Whatcha Whatcha Whatcha Want?  

gottaring 51F
10312 posts
6/21/2015 5:59 am
Whatcha Whatcha Whatcha Want?


To continue in the vein of my last post, I decided to view my 'dating hiatus' as a period to do some casual research.

I've noticed that:

1) More women/couples are sending me flirts and friend requests.

2) Men are *slightly* more polite when they email me, even though I specifically asked NOT to be emailed.

3) I've been sending a stock response to those who DO email and IM me: Thanks for reaching out, but I am currently not looking to meet or chat with anyone. Good luck and have a great weekend . Most dudes have turned around and thanked me for at least giving them the courtesy of a response. Others just walk away, which is fine with me. But....

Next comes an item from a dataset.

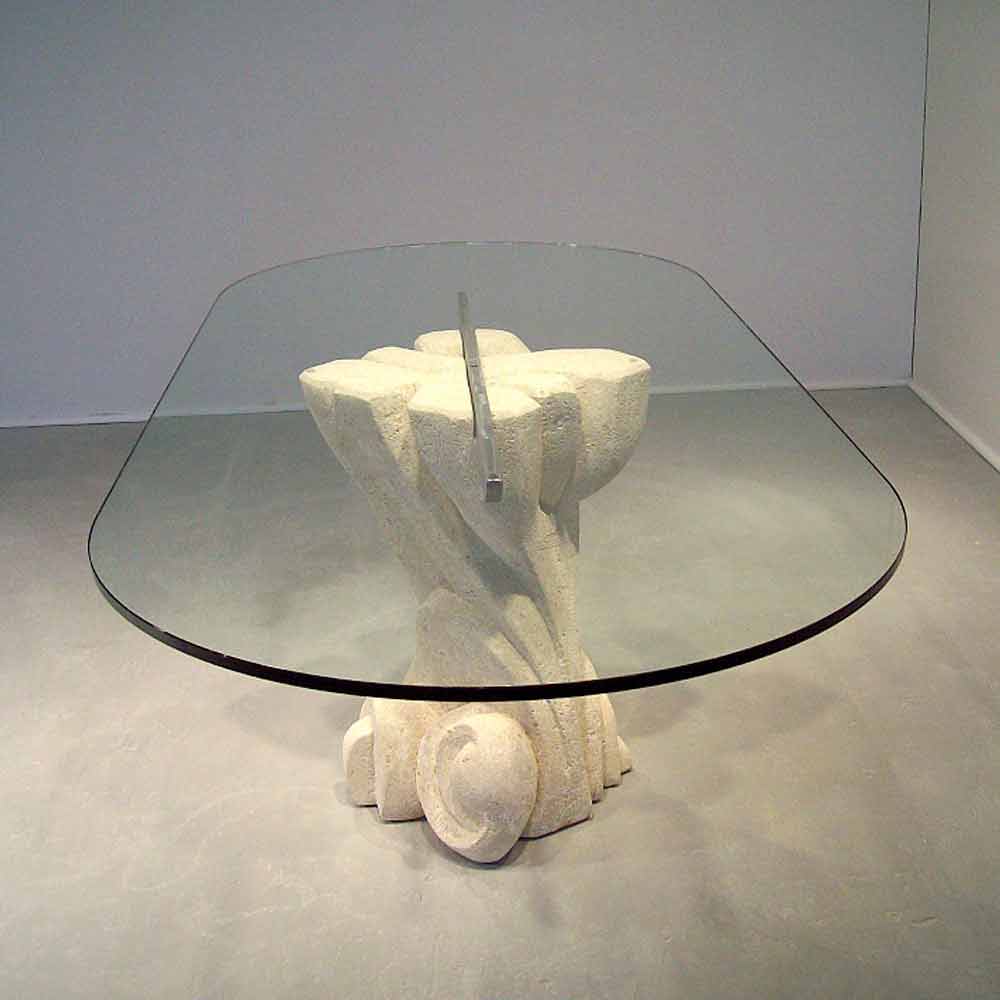 Mesa ovalada piedra Vicenza y cristal hecha a mano Afrodite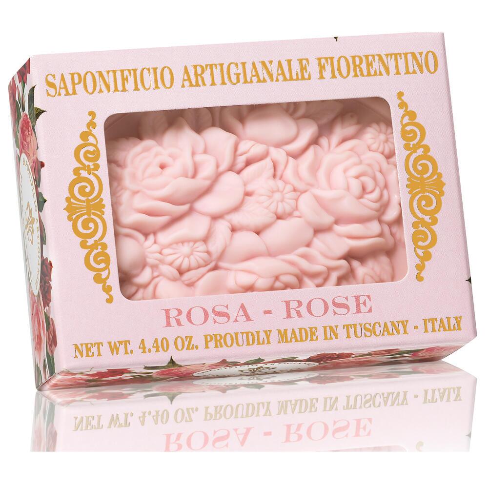 Sæbe som lille kunstværk vegetabilsk/italiensk håndlavet 125 g i smuk æske med guldtryk ROSE

4) A lot of men ignore my reply and continue to send messages, asking where I live or why I'm taking a break. One guy on IM persisted with "So how can I get to know you?" to which I replied, "Well, I'm blocking you now, so the chances of that happening are slim to none."

5) Several men have emailed me patronizing messages in an effort to prove that they are somehow different, and deserve a chance to prove it. I find this more annoying than endearing.

6) One dude emailed me out of the blue this very morning to tell me that I'm full of myself, and that I should 'jus b nice', lol. Because telling strangers that they are arrogant is clearly the polite thing to do .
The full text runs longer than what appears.